Beim Betreten der Kirche fallen zuerst die beiden Emporen und der Altar mit der eingeschlossenen Kanzel auf. 1784 wurden Kanzel und Kanzelaltar vom Naundorfer Erbmüller Christoph Leberecht Patzig gestiftet, vom Tischler Gotthelf Sperken gebaut vergoldetes Kruzifixund vor wenigen Jahren von Eberhard Gerschler restauriert. Die Altarinschrift lautet: „Lob und Ehr und Dank dem Höchsten.“ Der Kanzelaltar wird nur an hohen Festtagen benutzt, gepredigt wird heute vom Lesepult im Altarraum, das von 1742 stammt. Auf dem Altartisch steht ein vergoldetes Kruzifix, gestiftet 1625 von Michael Friedrich.  Der Taufstein ist ebenfalls älter als die heutige Kirche. Zu beiden Seiten des Altars befinden sich verglaste Betstübchen, ebenso auf beiden Seiten der ersten Empore. Sie wurden früher von den Besitzern der Rittergüter, des Erbgerichts, des Forsthauses und von der Pfarrfamilie benutzt. Von den beiden Emporen ist die obere über dem Altar durchgehend. Die Anzahl der Sitzplätze beträgt 470, davon 276 ebenerdig im Kirchenschiff.

Auf der ersten Empore befindet sich im Westen die Orgel. Sie wurde 1904 von der Dresdner Orgelbaufirma Jehmlich als 18-stimmiges Werk mit Pedal und Pedalkoppel erbaut. Im Laufe der Zeit hatte sie stark gelitten, war aber klanglich noch unverändert. Erst 2001 konnte die Kirchgemeinde sie vor allem Dank zahlreicher Spenden aus der Gemeinde vom Radebeuler Orgelrestaurator Lindner überholen lassen.

Steigt man auf den Turm hinauf, so kommt man am Dachboden der Kirche vorüber. Gewisse Ablagerungen auf dem Fußboden verraten schon die Anwesenheit von Fledermäusen. Der Kirchboden ist Sommerquartier für das Braune Langohr. Sodann kommt man am Uhrwerk der Kirchturmuhr vorüber, einem sehenswerten Meisterwerk der Mechanik.
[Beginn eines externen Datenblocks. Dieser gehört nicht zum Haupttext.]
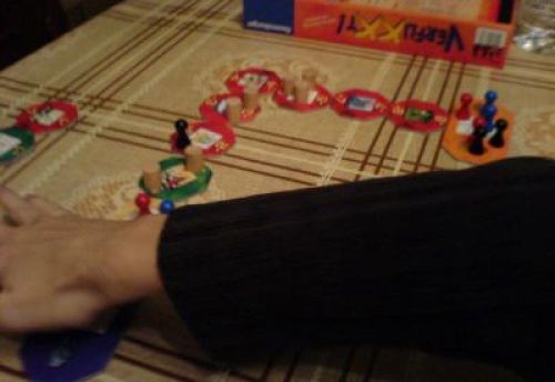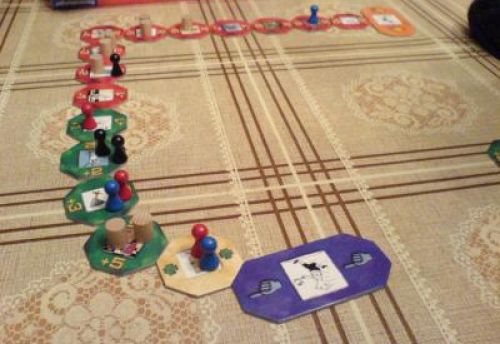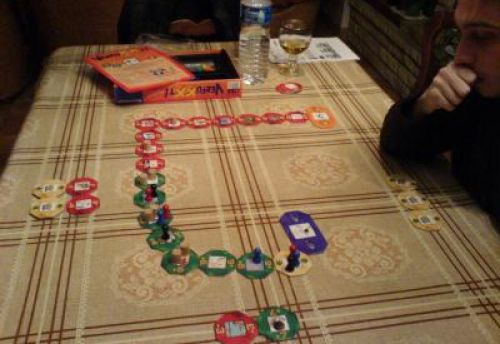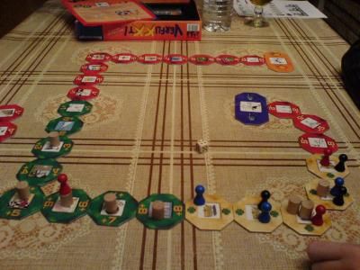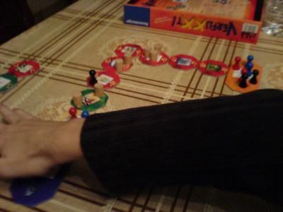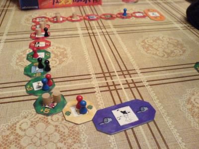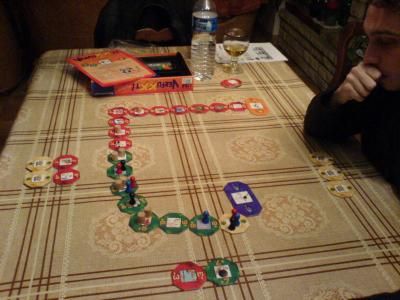 Partie de découverte pour moi et Tristan. Je pensais avoir bien commencé... puis j'oubliais la règle essentielle que les pansements transformés les points négatifs en positifs, pensant que ceux ci les mettaient à zéro uniquement. Lorsque j'ai découvert le poteau rose, Loïc avait 3 pansements, et j'avais laissé Tristan en prendre deux, voyant qu'il avait déja beaucoup de points négatifs.

Von den drei Glocken im Kirchturm sind zwei aus Stahl, eine aus Bronze gegossen. Sie werden noch heute zu jedem Gottesdienst von Hand geläutet. Auffallend sind die glatten Kerben, die die Glockenseile im Laufe der Jahrzehnte in das Gebälk gescheuert haben.

Was macht nun das Besondere dieser Kirche aus? Nun eben, daß sie noch eine Kirche ist. Das lateinische Wort für Kirche „ecclesia“ bedeutet nichts anderes als Versammlung – die Versammlung der Gläubigen. Schon längst füllt diese Versammlung nicht mehr alle Plätze in der Kirche aus, aber sie ist lebendig. Sonntags ist der Altarraum reich mit Blumen geschmückt – ein Sinnbild des Lebens. Die Naundorfer gestaltet jeden Gottesdienst selbst liturgisch mit, statt sich vom Pfarrer „berieseln“ zu lassen – ein Zeichen der Aktivität. Kinderkirche, Frauendienst und zwei Hauskreise treffen sich im Ort, Männerwerk und Junge Gemeinde reihum mit den Nachbarorten – ein Stück Kirche selbst.

Lassen wir also die Kirche auch dann im Dorf, wenn sie nicht mit großen Namen wie Gottfried Silbermann oder George Bähr verbunden ist: als lebendes Kulturdenkmal.